* **REQUIREMENT**: Print only the lines below from the one with "測図部では、1973 年度に LANDSAT" to the one with "mucha gente que", both included, exactly as they stand. Leave pictures out.

* **RECORDS**:
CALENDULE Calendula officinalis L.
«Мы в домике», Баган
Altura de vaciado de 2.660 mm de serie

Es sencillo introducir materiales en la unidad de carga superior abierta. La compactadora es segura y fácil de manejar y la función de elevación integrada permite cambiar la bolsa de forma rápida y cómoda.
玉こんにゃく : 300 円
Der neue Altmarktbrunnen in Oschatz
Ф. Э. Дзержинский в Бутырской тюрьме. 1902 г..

* * *

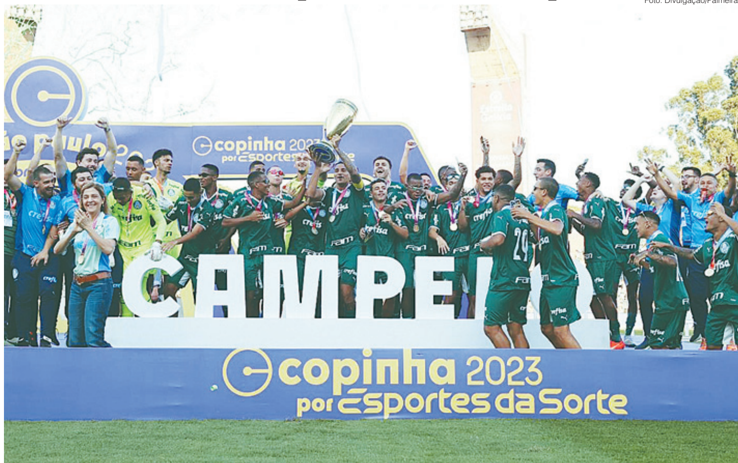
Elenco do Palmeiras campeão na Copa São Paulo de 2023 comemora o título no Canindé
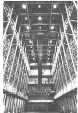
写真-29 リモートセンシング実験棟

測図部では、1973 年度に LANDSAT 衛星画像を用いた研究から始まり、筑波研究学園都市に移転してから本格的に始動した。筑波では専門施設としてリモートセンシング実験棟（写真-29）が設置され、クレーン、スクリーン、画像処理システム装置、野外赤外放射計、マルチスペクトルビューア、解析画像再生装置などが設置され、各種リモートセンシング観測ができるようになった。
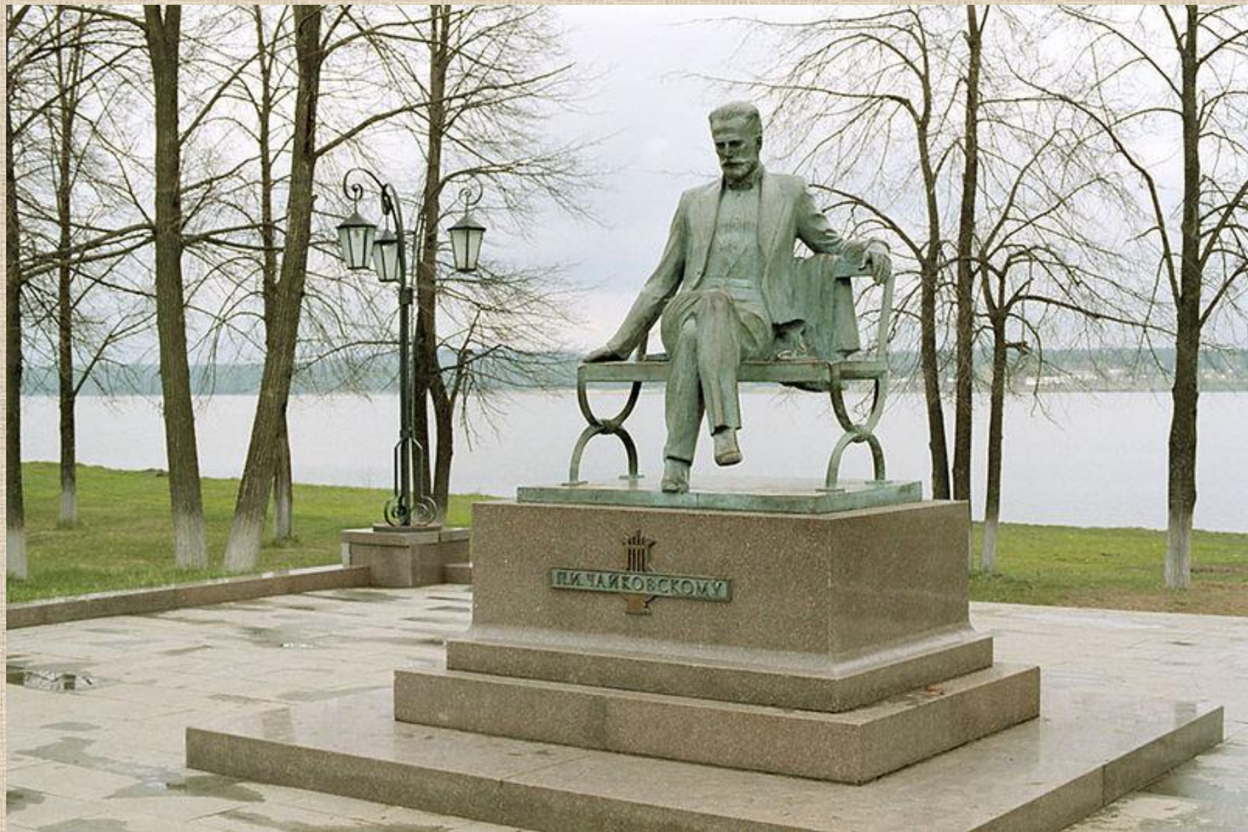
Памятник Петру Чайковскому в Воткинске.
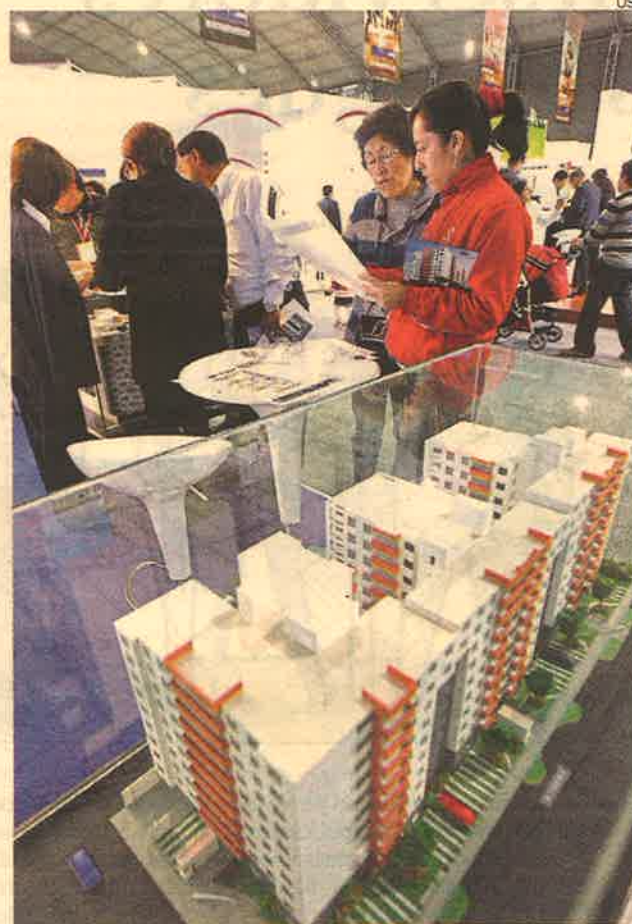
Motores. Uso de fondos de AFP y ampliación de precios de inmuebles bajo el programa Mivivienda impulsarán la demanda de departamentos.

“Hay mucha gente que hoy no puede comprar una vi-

* **THE ANSWER**:
測図部では、1973 年度に LANDSAT 衛星画像を用いた研究から始まり、筑波研究学園都市に移転してから本格的に始動した。筑波では専門施設としてリモートセンシング実験棟（写真-29）が設置され、クレーン、スクリーン、画像処理システム装置、野外赤外放射計、マルチスペクトルビューア、解析画像再生装置などが設置され、各種リモートセンシング観測ができるようになった。
Памятник Петру Чайковскому в Воткинске.
Motores. Uso de fondos de AFP y ampliación de precios de inmuebles bajo el programa Mivivienda impulsarán la demanda de departamentos.

“Hay mucha gente que hoy no puede comprar una vi-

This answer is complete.